Data for the task:
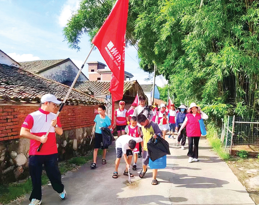 徒步汝湖美麗鄉(xiāng)村,撿拾垃圾宣傳環(huán)保。
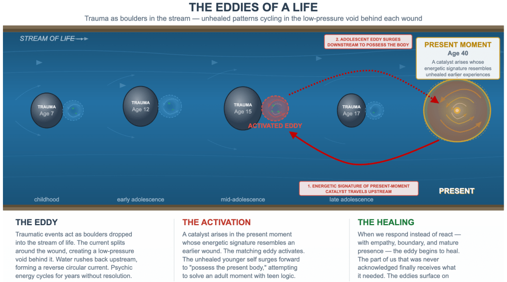 Years later, sometimes decades later, when something in our present environment carries an energetic signature that resembles the original wound, the old eddy activates. The unhealed version of ourselves — the 12-year-old, the 15-year-old, the 17-year-old — rises up and tries to handle a complex adult situation using the limited logic available to a teenager. The earlier self, as I describe it in my clinical work, possesses the present body and attempts to make sense of the moment from the perspective of someone who never had the tools to process what happened the first time around.
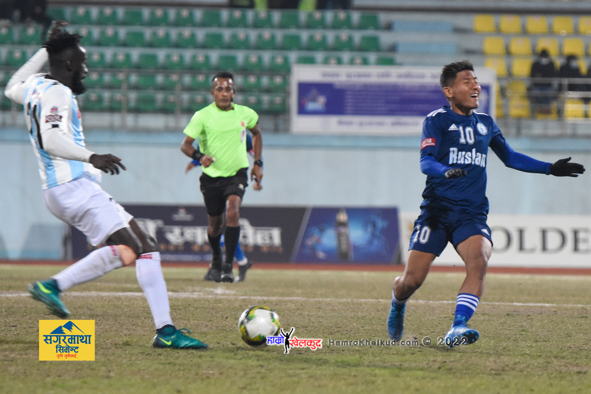 ७१औं मिनेटमा ऋतिक कुमार खड्काले गोल गर्दै खेललाई १–१ गोलको बराबरीमा ल्याए । सन्जोक राई, ऋतिक र अन्सुमाना क्रोमाहको समन्वयमा बनेको मुभमा ऋतिको पेनाल्टी बक्सबाहिरको प्रहार पोलमा लाग्दै गोलमा परिणत भएको थियो । त्यसपछि थप गोल निस्कन नसक्दा खेल बराबरीमा टुंगियो ।
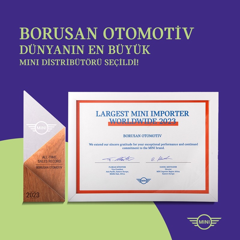 Borusan Otomotiv, 2023 yılında gösterdiği üstün performans ile “Dünyanın En Büyük MINI Distribütörü” unvanını alarak uluslararası alanda büyük bir başarı elde etti. Bu unvan, Borusan Otomotiv’in otomotiv sektöründeki güçlü konumunu ve yenilikçi yaklaşımını bir kez daha kanıtlıyor. Elektrikli araç satışlarındaki yüksek payı ile de dikkat çeken şirket, Türkiye otomotiv sektörünün geleceğine yön vermeye devam ediyor.
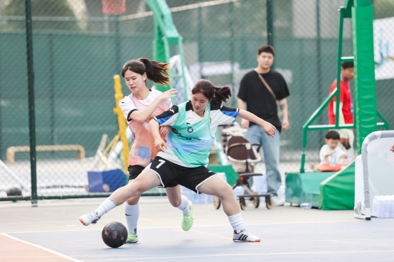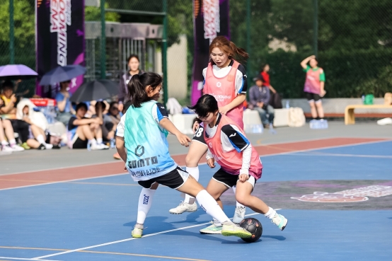 值得一提的是,与11人制的正规足球比赛不同,由于本次比赛就在街头体育场进行,氛围也相对轻松。随着动感的音乐,前来参赛的女孩们在场上切磋技艺,场下又互相为对手加油。“怒放竞技场”更像是为所有热爱足球的女孩子精心准备的一场足球party,在杭州街头树立起一道靓丽的风景线。
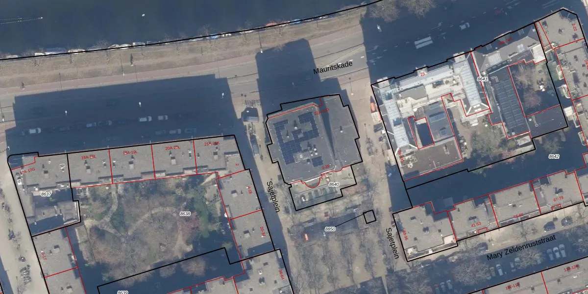 Sajetplein 23 is gelegen op kadastraal perceel ASD15S8640. Deze kadastrale aanduiding is uniek en wordt gebruikt door het Kadaster om eigendomsrechten en andere zakelijke rechten vast te leggen. Het perceel maakt onderdeel uit van de kadastrale gemeente Amsterdam.
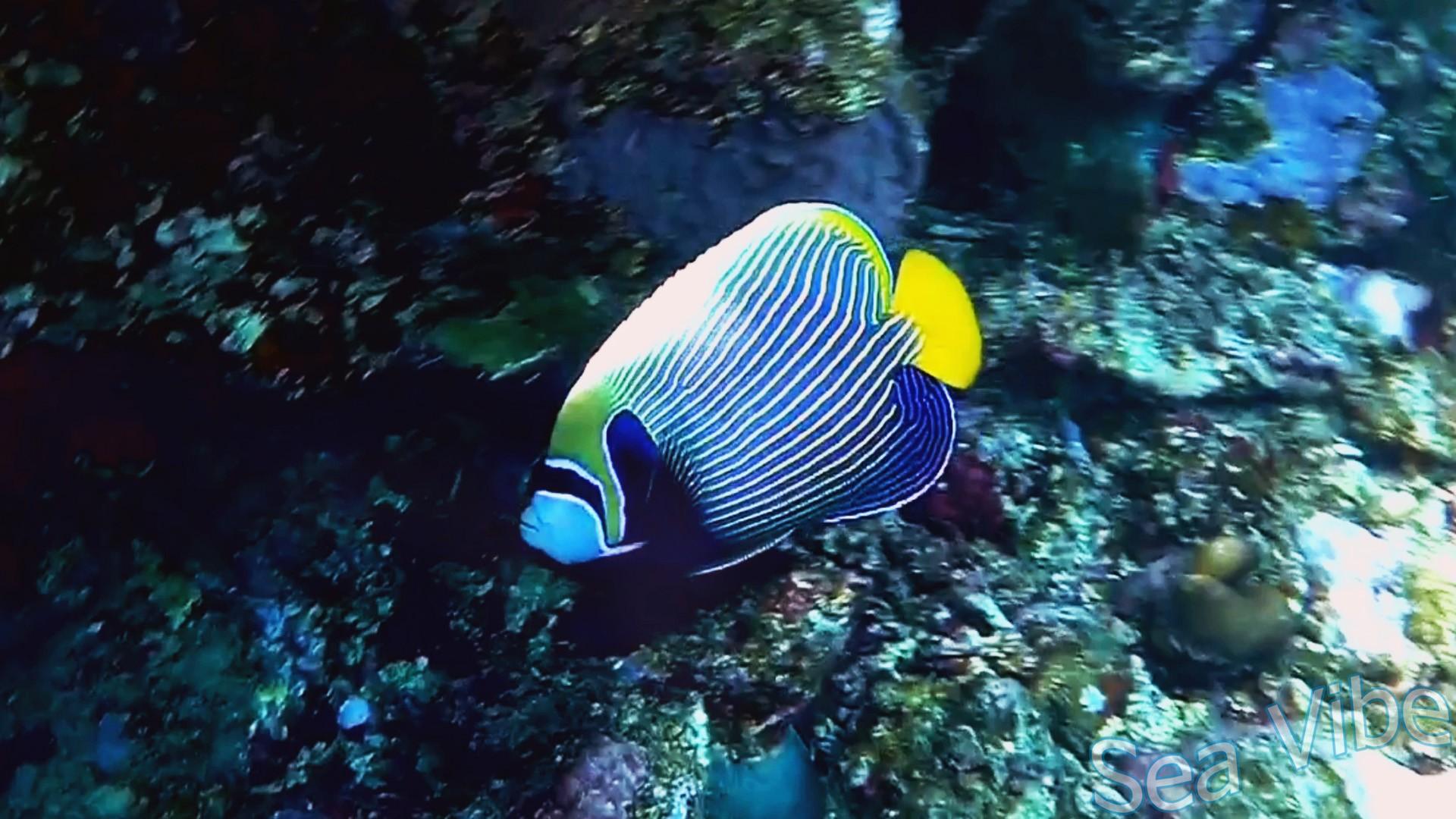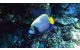 Окраска боков синяя или голубая с близкорасположенными узкими горизонтальными и диагональными жёлтыми полосами, заходящими на спинной и анальный плавники, передняя часть головы белая, через глаза проходит дугообразная чёрная с пурпурным оттенком и синими краями полоса, такого же цвета вертикально вытянутое пятно расположено над грудными плавниками. Передняя часть спины зелёная, верхний край спинного плавника и хвостовой плавник жёлто-оранжевые, брюшные и анальный плавники синие с продольными коричневыми полосами.

Problem statement: Produce a verbatim transcription of every line in the listing, images omitted.

Answer to this exercise:
 徒步汝湖美麗鄉(xiāng)村,撿拾垃圾宣傳環(huán)保。
 Years later, sometimes decades later, when something in our present environment carries an energetic signature that resembles the original wound, the old eddy activates. The unhealed version of ourselves — the 12-year-old, the 15-year-old, the 17-year-old — rises up and tries to handle a complex adult situation using the limited logic available to a teenager. The earlier self, as I describe it in my clinical work, possesses the present body and attempts to make sense of the moment from the perspective of someone who never had the tools to process what happened the first time around.
 ७१औं मिनेटमा ऋतिक कुमार खड्काले गोल गर्दै खेललाई १–१ गोलको बराबरीमा ल्याए । सन्जोक राई, ऋतिक र अन्सुमाना क्रोमाहको समन्वयमा बनेको मुभमा ऋतिको पेनाल्टी बक्सबाहिरको प्रहार पोलमा लाग्दै गोलमा परिणत भएको थियो । त्यसपछि थप गोल निस्कन नसक्दा खेल बराबरीमा टुंगियो ।
 Borusan Otomotiv, 2023 yılında gösterdiği üstün performans ile “Dünyanın En Büyük MINI Distribütörü” unvanını alarak uluslararası alanda büyük bir başarı elde etti. Bu unvan, Borusan Otomotiv’in otomotiv sektöründeki güçlü konumunu ve yenilikçi yaklaşımını bir kez daha kanıtlıyor. Elektrikli araç satışlarındaki yüksek payı ile de dikkat çeken şirket, Türkiye otomotiv sektörünün geleceğine yön vermeye devam ediyor.
 值得一提的是,与11人制的正规足球比赛不同,由于本次比赛就在街头体育场进行,氛围也相对轻松。随着动感的音乐,前来参赛的女孩们在场上切磋技艺,场下又互相为对手加油。“怒放竞技场”更像是为所有热爱足球的女孩子精心准备的一场足球party,在杭州街头树立起一道靓丽的风景线。
 Sajetplein 23 is gelegen op kadastraal perceel ASD15S8640. Deze kadastrale aanduiding is uniek en wordt gebruikt door het Kadaster om eigendomsrechten en andere zakelijke rechten vast te leggen. Het perceel maakt onderdeel uit van de kadastrale gemeente Amsterdam.
 Окраска боков синяя или голубая с близкорасположенными узкими горизонтальными и диагональными жёлтыми полосами, заходящими на спинной и анальный плавники, передняя часть головы белая, через глаза проходит дугообразная чёрная с пурпурным оттенком и синими краями полоса, такого же цвета вертикально вытянутое пятно расположено над грудными плавниками. Передняя часть спины зелёная, верхний край спинного плавника и хвостовой плавник жёлто-оранжевые, брюшные и анальный плавники синие с продольными коричневыми полосами.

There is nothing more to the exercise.